-
-
Notifications
You must be signed in to change notification settings - Fork 192
Description
Check for existing issues
- Completed
Describe the feature
Summary
Vale currently relies on regex and dictionary-based matching, which makes it difficult to handle inflected word forms (e.g., pluralization, conjugation, declension). This can lead to incomplete rule coverage or complex and hard-to-maintain patterns.
Problem
When defining rules, users often need to account for multiple inflected forms of the same word manually. For example, a rule targeting a base form like run will not match:
- runs
- ran
- running
To compensate, users must either:
- enumerate all variants explicitly, or
- write complex regex patterns (e.g.,
run(s|ning)?)
This approach is error-prone, and reduces readability and maintainability of rules.
This limitation becomes significantly more severe in languages with richer morphology, such as German.
This gives a short overview about what you can expect for most languages other than English: https://youtu.be/ettP9Ayrho8?is=g0hMRMZqVJE74K8p
Minimal example (in German)
Rule:
extends: substitution
message: Consider using '%s' instead of '%s'
level: warning
ignorecase: false
swap:
gut: hervorragendText:
Das ist eine gute Lösung.
Current behavior:
- No match
Expected behavior:
- Match based on shared lemma (“gut” → “gute”)
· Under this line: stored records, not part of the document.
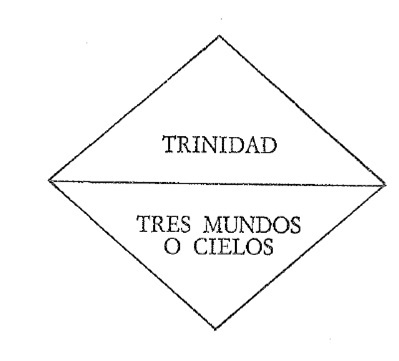 En su origen se emplea otro tipo de doble pirámide para mostrar el «desdoblamiento» de la Divinidad en el macrocosmos. Vemos, el triángulo de la Trinidad que se refleja como en un espejo en el triple mundo (empíreo, etéreo y sublunar o de los elementos) del siguiente modo:
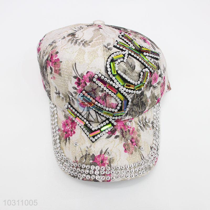 High Quality Fashion Flower Pattern Rhinestone Denim Hat Caps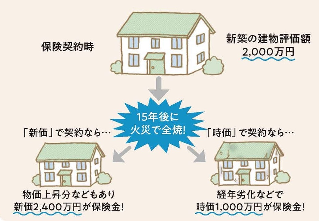 いまの火災保険は新価で保険金額を設定するものが主流ですが、古いタイプの保険の中には時価のものもあるので注意しましょう。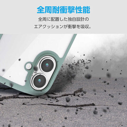 エレコム ELECOM iPhone 16e TOUGH SLIM LITE フレーム メタルステッカー付 グリーン PMA25STSLFCGN
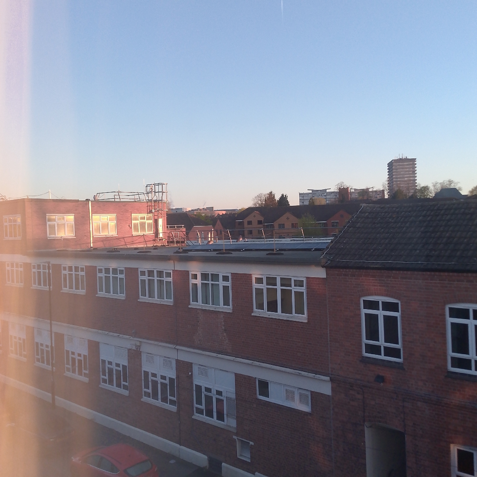 The photograph depicts a three-story brick building with white-framed windows, possibly an educational or institutional building, viewed from an elevated position. On the roof are some solar panels.…read more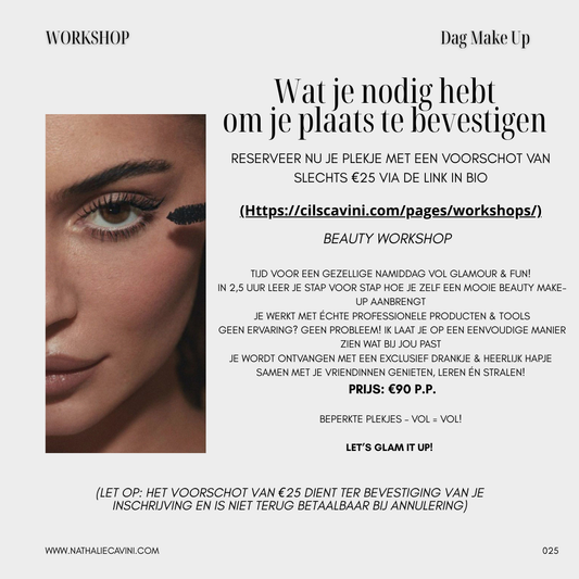 {15 November} Workshop Dag Make up €90 Reserveer nu je plekje met een voorschot bvan €25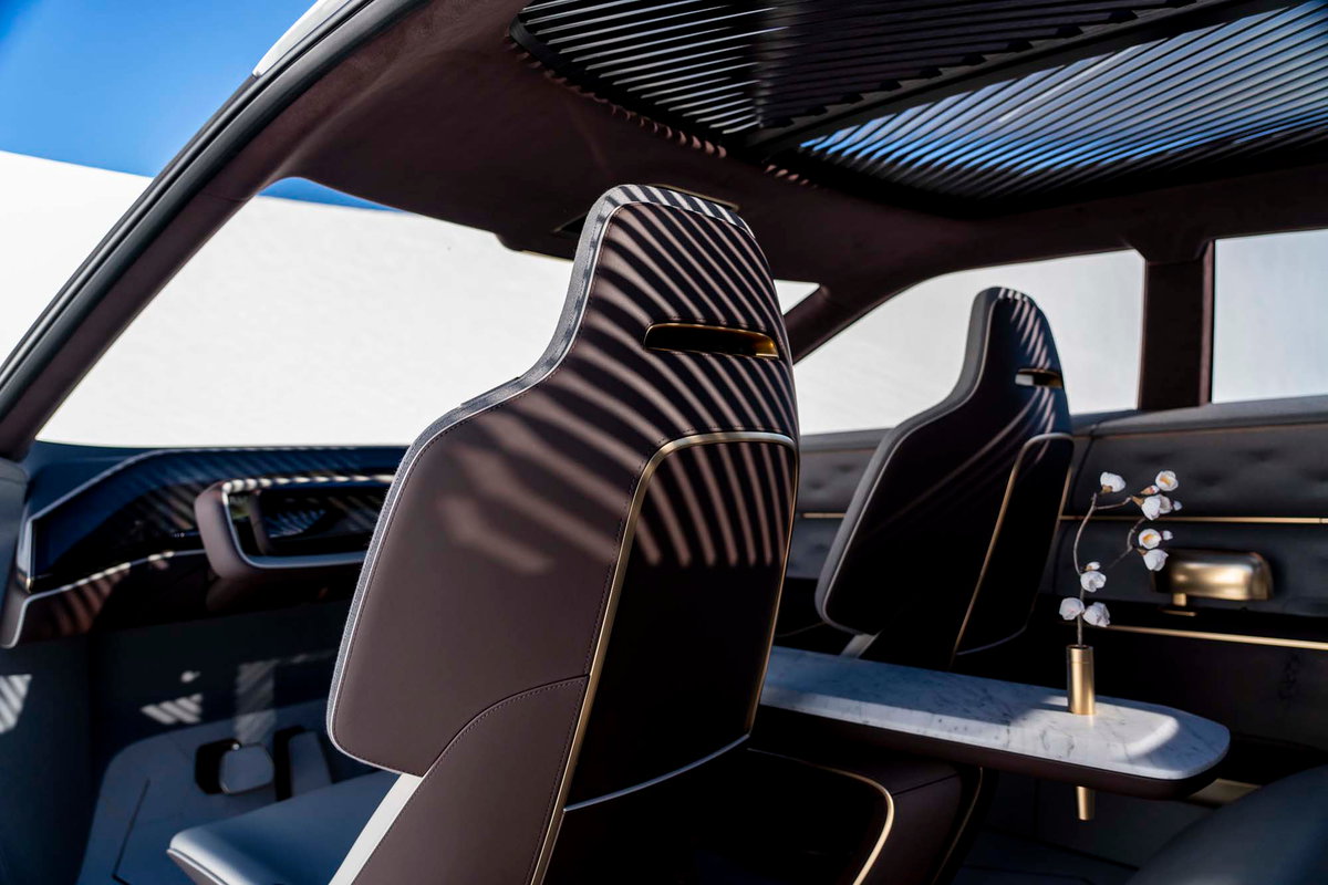 Tο Ιαπωνικό DNA χαρακτηρίζει και το χειροποίητο εσωτερικό του QX Inspiration, που είναι φτιαγμένο με παραδοσιακές τεχνικές και με επιλογή υλικών εμπνευσμένων από την Ιαπωνική αισθητική. Η ανάπτυξη νέων πλατφορμών ηλεκτροκίνητων οχημάτων, επιτρέπει τη δημιουργία ευρύχωρων εσωτερικών χώρων, με επηρεασμό από την omotenashi, την Ιαπωνική προσέγγιση της φιλοξενίας. Η καμπίνα ενσωματώνει τεχνολογίες που διαμορφώνουν ένα φιλόξενο περιβάλλον, υποστηρίζοντας τον οδηγό και συνδέοντας τους επιβαίνοντες με τον υπόλοιπο κόσμο.

For example, the adjective „gut“ can appear in many forms depending on case, gender, and number:
- gut
- gute
- guten
- gutem
- guter
Similarly, verbs like „gehen“ produce forms such as:
- gehe, gehst, geht
- ging, gegangen
Covering these via regex or explicit lists quickly becomes impractical. As a result:
- rule definitions become bloated
- important variants are easily missed
- false negatives increase significantly
This makes Vale harder to use effectively for non-English content and limits its usefulness in multilingual environments.
Discussion / possible approaches
I understand that Vale is intentionally lightweight and primarily regex/dictionary-based, and that performance and simplicity are key design goals.
With that in mind, a possible direction could be:
- We could basically do some sort of macro expansion with a syntax that triggers an expansion to all valid forms through a dictionary: "Word A" in a rule becomes "Word A - Variant 1|Word A -Variant 2| ... | Word A - Variant n". * All of that happens before the actual linting so it is only done once per linting run. Potentially, vale could even cache results for performance.
Benefits
- Simpler and more maintainable rules
- Better coverage with fewer false negatives
- Improved support for morphologically rich languages (German, Finnish, Slavic languages, etc.)
- Better usability in multilingual teams
Question
Would morphology-aware matching be considered within Vale’s scope? I could also try working on it if we agree on an approach that would be accepted as PR.